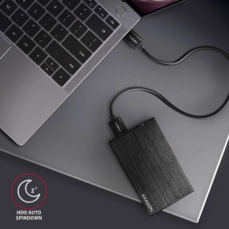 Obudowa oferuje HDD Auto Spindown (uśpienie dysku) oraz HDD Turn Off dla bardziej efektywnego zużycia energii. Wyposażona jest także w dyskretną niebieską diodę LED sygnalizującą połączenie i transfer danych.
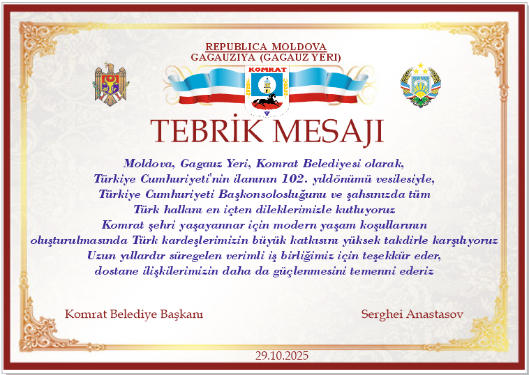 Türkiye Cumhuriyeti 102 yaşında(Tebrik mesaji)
* * *
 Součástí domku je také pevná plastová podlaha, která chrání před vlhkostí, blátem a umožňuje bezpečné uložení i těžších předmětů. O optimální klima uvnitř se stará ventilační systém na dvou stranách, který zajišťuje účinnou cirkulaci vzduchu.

### Assignment
From the line containing "Obudowa oferuje HDD" through the line containing "Türkiye Cumhuriyeti 102", copy every line above exactly, without pictures.

### Reply
 Obudowa oferuje HDD Auto Spindown (uśpienie dysku) oraz HDD Turn Off dla bardziej efektywnego zużycia energii. Wyposażona jest także w dyskretną niebieską diodę LED sygnalizującą połączenie i transfer danych.
 Türkiye Cumhuriyeti 102 yaşında(Tebrik mesaji)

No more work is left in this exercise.